Wynn Bullock
As a life-long learner I find much to appreciate in the pictures and words of Wynn Bullock. Alongside Minor White, a more thought-provoking photographer you will struggle to find.
“Searching is everything – going beyond what you know. And the test of the search is really in the things themselves, the things you seek to understand. What is important is not what you think about them, but how they enlarge you“. 1
Introduction
It is rare and refreshing to find a photographer who is so widely engaged in thinking as Bullock. 2 Most photographers that I know or read about seem to shun an intellectual conversation about photography. I find this odd given that pictures and words are both about expression. 3 Bullock spent a lot of his time thinking about three ideas in relation to his photography: Essences, Symbols and Events.
The ‘Essence’ of things
Bullock has been characterised by his quest for the ‘essence’ of things through photographic excavation, reminding us of Kant’s distinction between things-in-themselves and appearances. 4. I can find no on-line reference that Bullock read Kant, but a number of statements that Bullock made suggest that he was familiar with the main thrust of the Critique of Pure Reason 5.
According to Kant we can never experience the ‘essence’ of things because our cognition is made up of more than the simple sense-data from those things. Our way of cognizing already individuates things in a certain way so that we can experience them. So we can only get to the appearances of things, not to the things-in-themselves.
I think that such distinctions between things-in-themselves and appearances are mis-guided. So I do not subscribe to Bullock’s quest in these terms as it is philosophically non-sensical.
Symbols
Bullock also thought that ‘Reality’ is made up of symbols and that therefore the medium of photography with its one-to-one rendering of scenes is best placed to make sense of these symbols. Here I partly agree with him. I don’t think I have ever come across a satisfactory definition of ‘real’ but I do think that symbols are important in how we perceive the world.
Actually I would go further. I think pictures are like signs which occupy the same spaces as predicates in in well-formed sentences. This idea, first put forward by the American philosopher Peirce, enables us to think in terms of pictures and language being inextricably linked.
Events
Finally, and I think he was onto something here, Bullock learned to look at objects as ‘events’. Recognising that there are three space dimensions of time as well as a time dimension helped Bullock to see more acutely. He was fond of quoting Alfred North Whitehead:
Not only is the world more mysterious and queer than you think it is, but it’s queerer than you can think it is’.
A.N Whitehead
We can only speculate whether Bullock was familiar with Whitehead’s ontology of process and relations.
Final Words
When I look at Bullock’s pictures I see a photographer who had a keen sense of knowing how to see. It was as if he was able to go beyond the concepts that supposedly frame how we normally perceive things. I think this thought would have delighted him.
I finish with a beautiful You-Tube video of some of his pictures.

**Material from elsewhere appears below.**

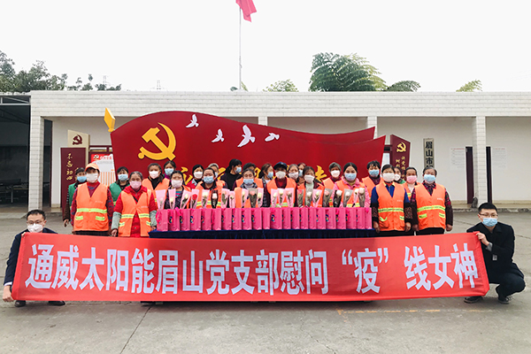 三月的初春,春暖花開,第110個“三八”國際婦女節伴著春的步履悄然來臨,作為通威太陽能黨工建設與公司發展相融合的創新結晶,“紅色聚能家”積極發揮黨建引領作用,依托工會平臺,于3月6日組織合肥、成都、眉山三地志愿者開展了關愛“疫線女神”三八國際婦女節慰問活動。

I am no philosopher and reading your posts challenges and informs ideas which bounce around in my head about photography ,for which I have no ‘tools’ to rationalise intellectually. Interested in your thoughts on the relationship between pictures and language.
Thanks for stopping by Robin. Thank you for your interest. I don’t find many photographers who care much about philosophy.
I have recently found your site and I am thoroughly enjoying the depth and intellectual stimulation that comes with it. I don’t see enough people commenting or engaging in a dialogue about the points your present so I will happily oblige from time to time if that is ok.
Regards,
Seth
Thank you Seth. Kind comments. May I ask whether you are a photographer and whether you share your work?